→ **Record set**
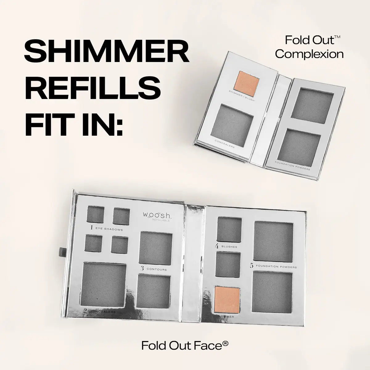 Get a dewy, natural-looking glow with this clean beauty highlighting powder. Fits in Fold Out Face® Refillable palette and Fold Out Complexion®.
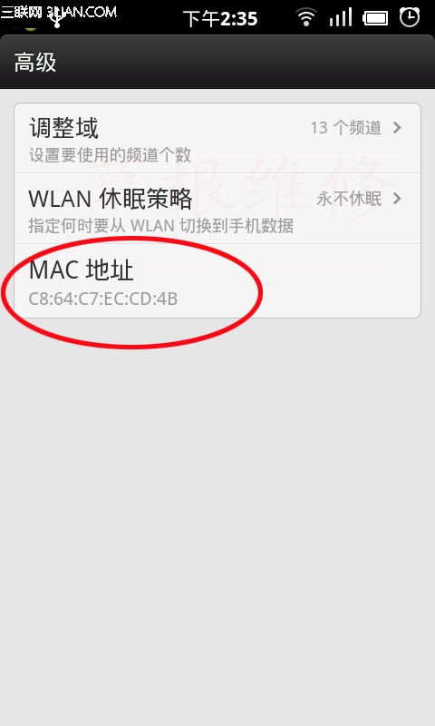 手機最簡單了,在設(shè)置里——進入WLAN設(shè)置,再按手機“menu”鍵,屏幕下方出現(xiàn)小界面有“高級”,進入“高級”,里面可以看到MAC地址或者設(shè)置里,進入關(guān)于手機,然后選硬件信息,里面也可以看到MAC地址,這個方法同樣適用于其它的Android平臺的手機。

--

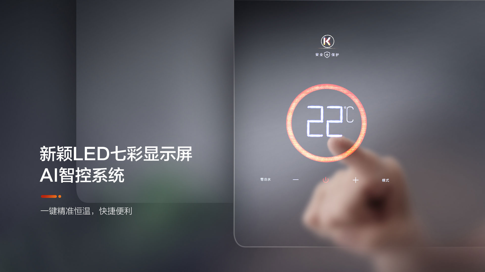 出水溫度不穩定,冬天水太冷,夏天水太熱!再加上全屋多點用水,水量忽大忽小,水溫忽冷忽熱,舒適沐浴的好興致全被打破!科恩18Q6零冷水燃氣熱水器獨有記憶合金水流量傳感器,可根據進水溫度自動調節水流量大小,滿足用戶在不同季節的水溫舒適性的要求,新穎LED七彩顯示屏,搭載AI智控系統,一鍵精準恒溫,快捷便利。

→ **Work instructions**
Copy word for word only the lines above from the one with "Get a dewy, natural-looking" through the one with "手機最簡單了,在設(shè)". Leave pictures out.

→ **Reply to the exercise**
 Get a dewy, natural-looking glow with this clean beauty highlighting powder. Fits in Fold Out Face® Refillable palette and Fold Out Complexion®.
 手機最簡單了,在設(shè)置里——進入WLAN設(shè)置,再按手機“menu”鍵,屏幕下方出現(xiàn)小界面有“高級”,進入“高級”,里面可以看到MAC地址或者設(shè)置里,進入關(guān)于手機,然后選硬件信息,里面也可以看到MAC地址,這個方法同樣適用于其它的Android平臺的手機。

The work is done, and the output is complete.